▶ **What the task asks**: Copy exactly. Begin at the line containing "1girl ace_attorney black_dress" and stop at the last line of the entries, omitting any pictures.
= = =
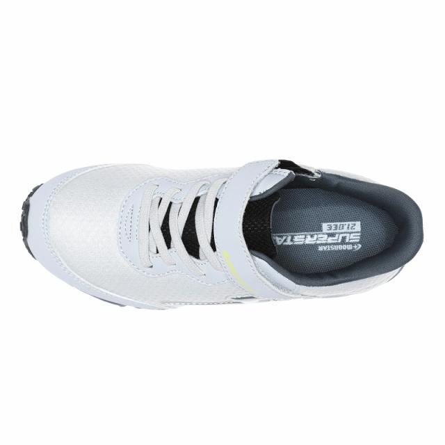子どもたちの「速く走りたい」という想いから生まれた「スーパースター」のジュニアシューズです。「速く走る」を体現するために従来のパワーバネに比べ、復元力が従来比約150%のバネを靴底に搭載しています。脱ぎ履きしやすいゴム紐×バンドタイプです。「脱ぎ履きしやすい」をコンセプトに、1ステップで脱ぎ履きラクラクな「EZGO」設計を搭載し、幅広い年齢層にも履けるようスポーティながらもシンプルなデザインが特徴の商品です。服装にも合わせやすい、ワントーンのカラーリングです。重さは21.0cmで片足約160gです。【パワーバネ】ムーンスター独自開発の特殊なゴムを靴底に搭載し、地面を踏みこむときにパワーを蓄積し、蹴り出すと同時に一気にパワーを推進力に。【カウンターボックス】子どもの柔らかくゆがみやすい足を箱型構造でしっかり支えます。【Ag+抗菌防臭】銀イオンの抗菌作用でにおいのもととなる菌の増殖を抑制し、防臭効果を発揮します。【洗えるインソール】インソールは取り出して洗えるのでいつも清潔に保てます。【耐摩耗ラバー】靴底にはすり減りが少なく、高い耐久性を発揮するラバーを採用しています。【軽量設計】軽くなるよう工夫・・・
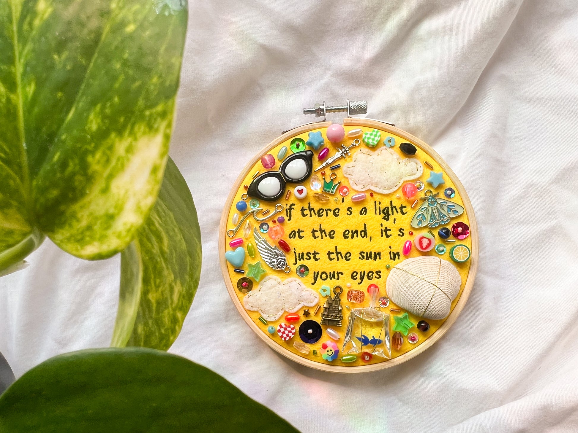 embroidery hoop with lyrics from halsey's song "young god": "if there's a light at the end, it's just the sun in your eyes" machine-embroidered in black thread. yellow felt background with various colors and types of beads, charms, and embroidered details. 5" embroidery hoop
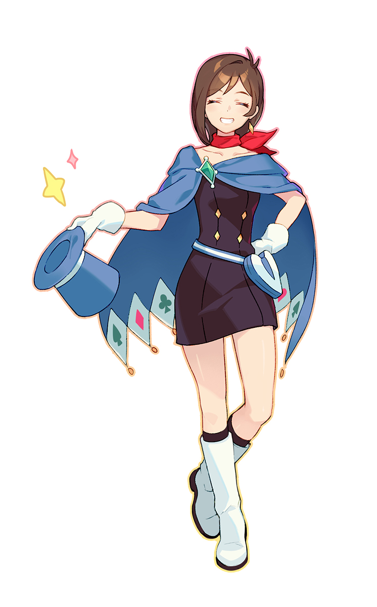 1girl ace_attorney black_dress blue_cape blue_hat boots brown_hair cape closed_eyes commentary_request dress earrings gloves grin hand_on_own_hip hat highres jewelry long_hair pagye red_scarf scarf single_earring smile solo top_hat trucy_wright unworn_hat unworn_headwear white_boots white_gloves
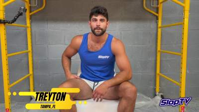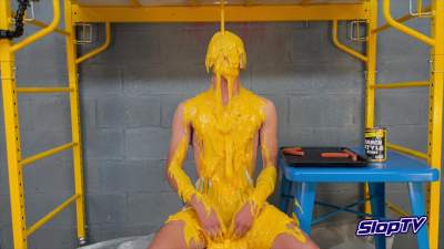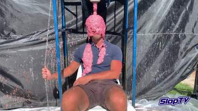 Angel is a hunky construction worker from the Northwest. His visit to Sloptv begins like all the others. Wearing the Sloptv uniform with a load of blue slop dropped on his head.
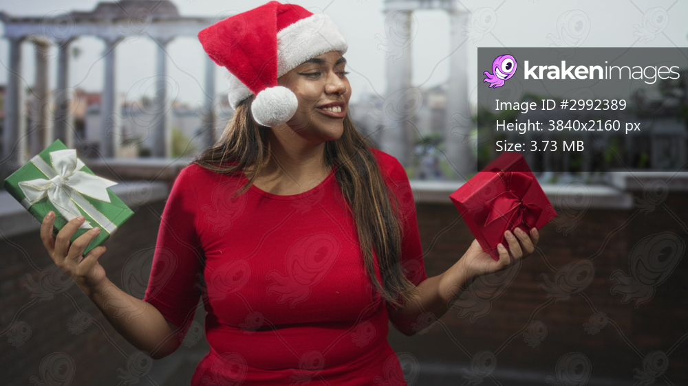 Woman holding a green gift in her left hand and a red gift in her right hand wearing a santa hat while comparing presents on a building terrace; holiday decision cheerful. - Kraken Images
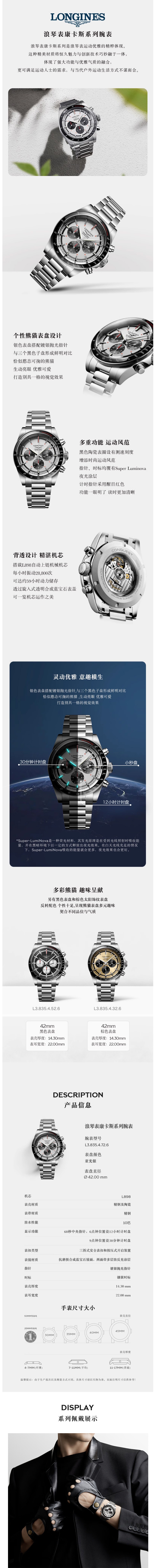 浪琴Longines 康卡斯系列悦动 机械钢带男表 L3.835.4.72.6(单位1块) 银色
= = =
▶ **Written answer**:
 1girl ace_attorney black_dress blue_cape blue_hat boots brown_hair cape closed_eyes commentary_request dress earrings gloves grin hand_on_own_hip hat highres jewelry long_hair pagye red_scarf scarf single_earring smile solo top_hat trucy_wright unworn_hat unworn_headwear white_boots white_gloves
 Angel is a hunky construction worker from the Northwest. His visit to Sloptv begins like all the others. Wearing the Sloptv uniform with a load of blue slop dropped on his head.
 Woman holding a green gift in her left hand and a red gift in her right hand wearing a santa hat while comparing presents on a building terrace; holiday decision cheerful. - Kraken Images
 浪琴Longines 康卡斯系列悦动 机械钢带男表 L3.835.4.72.6(单位1块) 银色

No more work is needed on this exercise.